§ **TASK ITEM**:
Look in the listing below for the line that has "A highway H", then return it and each following line up to and including the one with "Today we went", exactly and without pictures.

§ **MATERIAL SHOWN**:
==============================

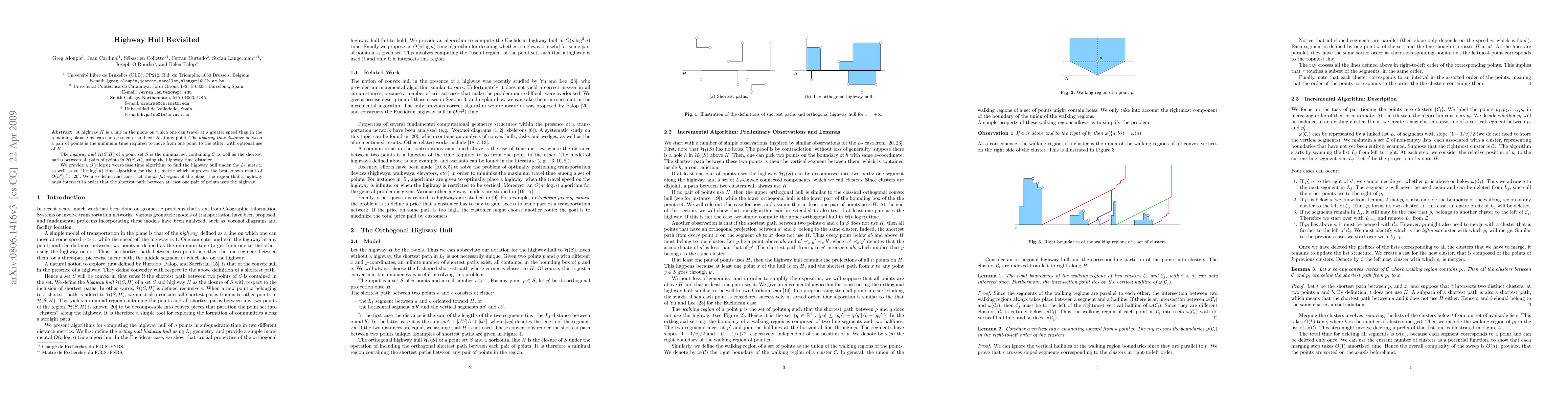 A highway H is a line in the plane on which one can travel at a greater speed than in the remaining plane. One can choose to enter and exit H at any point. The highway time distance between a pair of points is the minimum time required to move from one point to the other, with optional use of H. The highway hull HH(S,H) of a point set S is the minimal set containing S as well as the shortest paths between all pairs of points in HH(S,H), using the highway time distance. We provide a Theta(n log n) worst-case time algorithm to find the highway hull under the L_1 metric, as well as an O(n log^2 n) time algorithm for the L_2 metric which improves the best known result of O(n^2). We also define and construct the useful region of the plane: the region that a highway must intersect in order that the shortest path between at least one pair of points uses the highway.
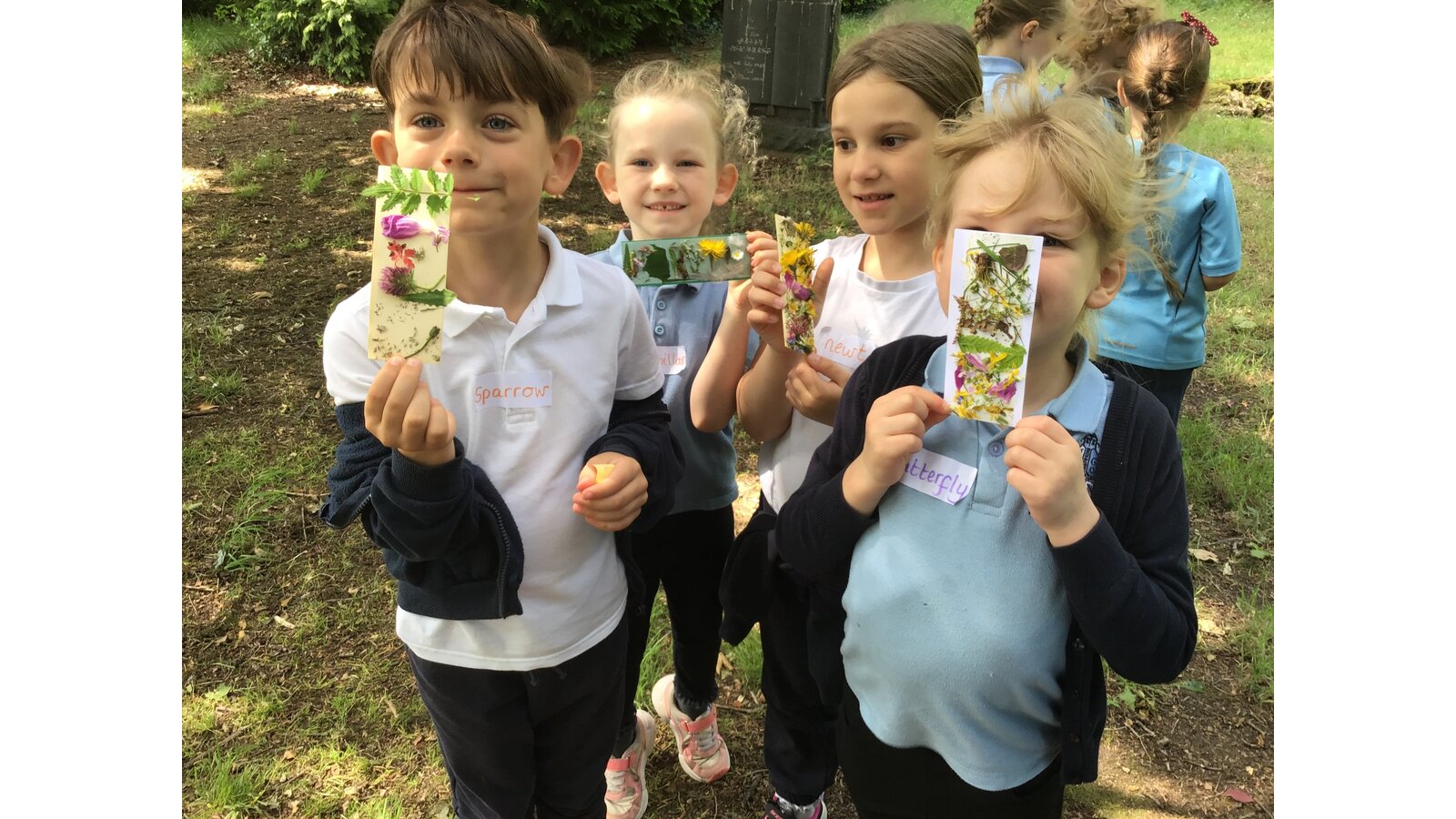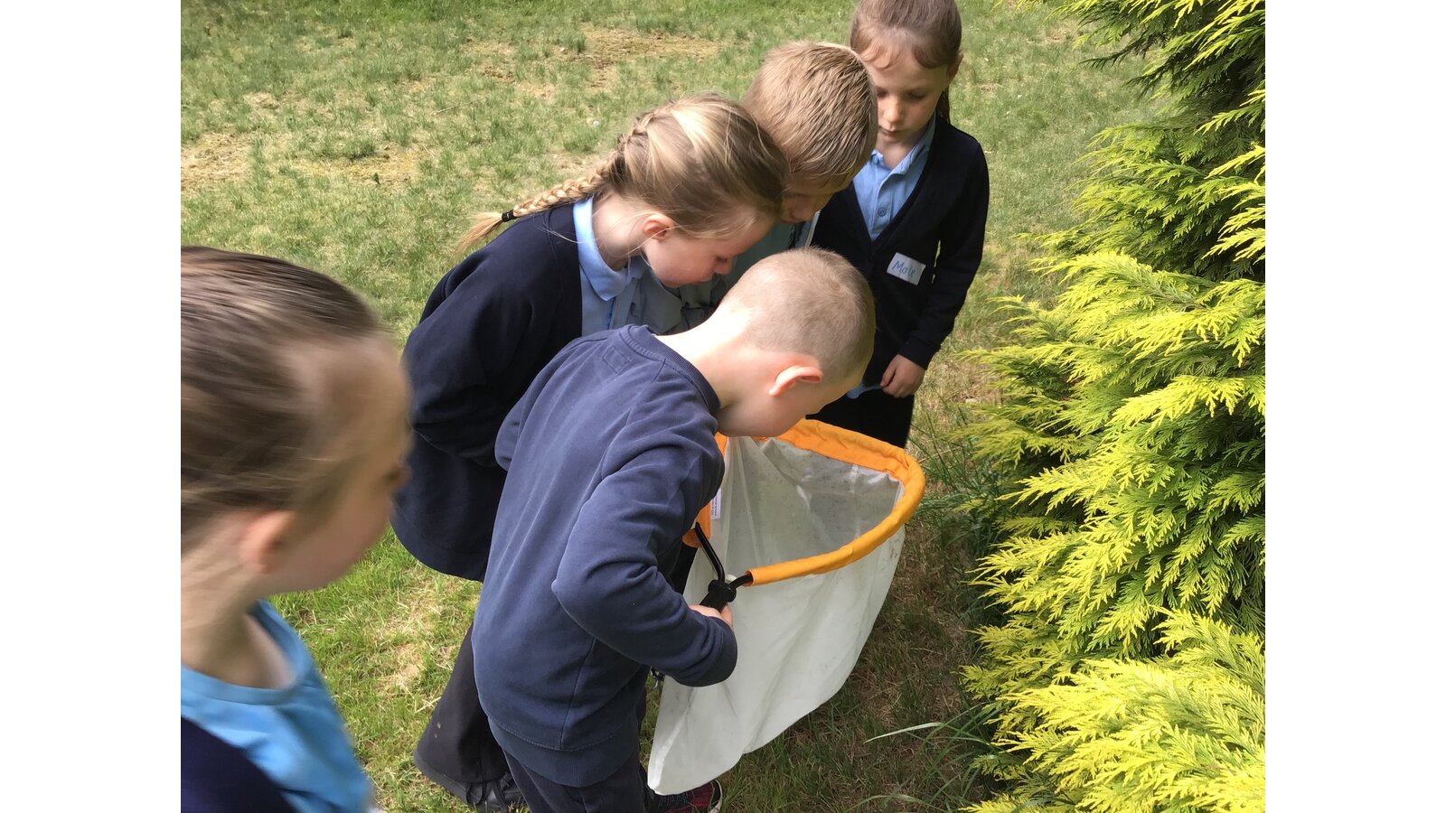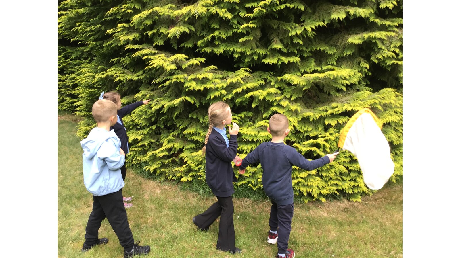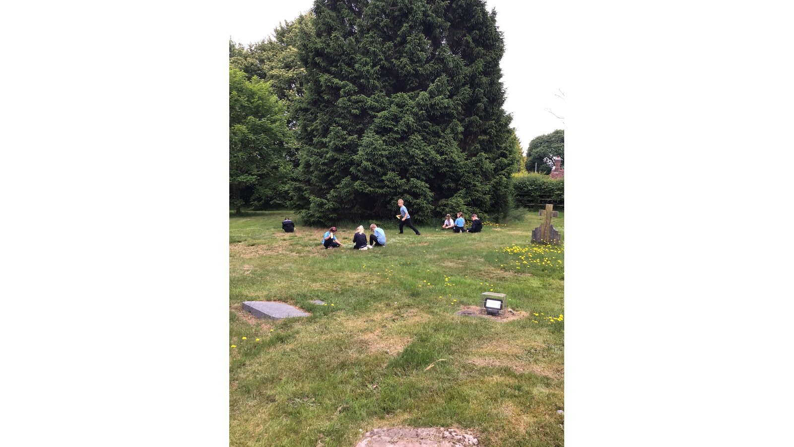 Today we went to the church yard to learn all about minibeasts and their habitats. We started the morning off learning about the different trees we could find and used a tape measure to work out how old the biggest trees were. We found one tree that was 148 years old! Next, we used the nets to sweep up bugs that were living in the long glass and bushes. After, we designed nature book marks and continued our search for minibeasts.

==============================

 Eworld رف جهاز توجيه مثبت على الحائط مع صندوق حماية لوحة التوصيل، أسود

==============================

§ **REPLY TO THE EXERCISE**:
 A highway H is a line in the plane on which one can travel at a greater speed than in the remaining plane. One can choose to enter and exit H at any point. The highway time distance between a pair of points is the minimum time required to move from one point to the other, with optional use of H. The highway hull HH(S,H) of a point set S is the minimal set containing S as well as the shortest paths between all pairs of points in HH(S,H), using the highway time distance. We provide a Theta(n log n) worst-case time algorithm to find the highway hull under the L_1 metric, as well as an O(n log^2 n) time algorithm for the L_2 metric which improves the best known result of O(n^2). We also define and construct the useful region of the plane: the region that a highway must intersect in order that the shortest path between at least one pair of points uses the highway.
 Today we went to the church yard to learn all about minibeasts and their habitats. We started the morning off learning about the different trees we could find and used a tape measure to work out how old the biggest trees were. We found one tree that was 148 years old! Next, we used the nets to sweep up bugs that were living in the long glass and bushes. After, we designed nature book marks and continued our search for minibeasts.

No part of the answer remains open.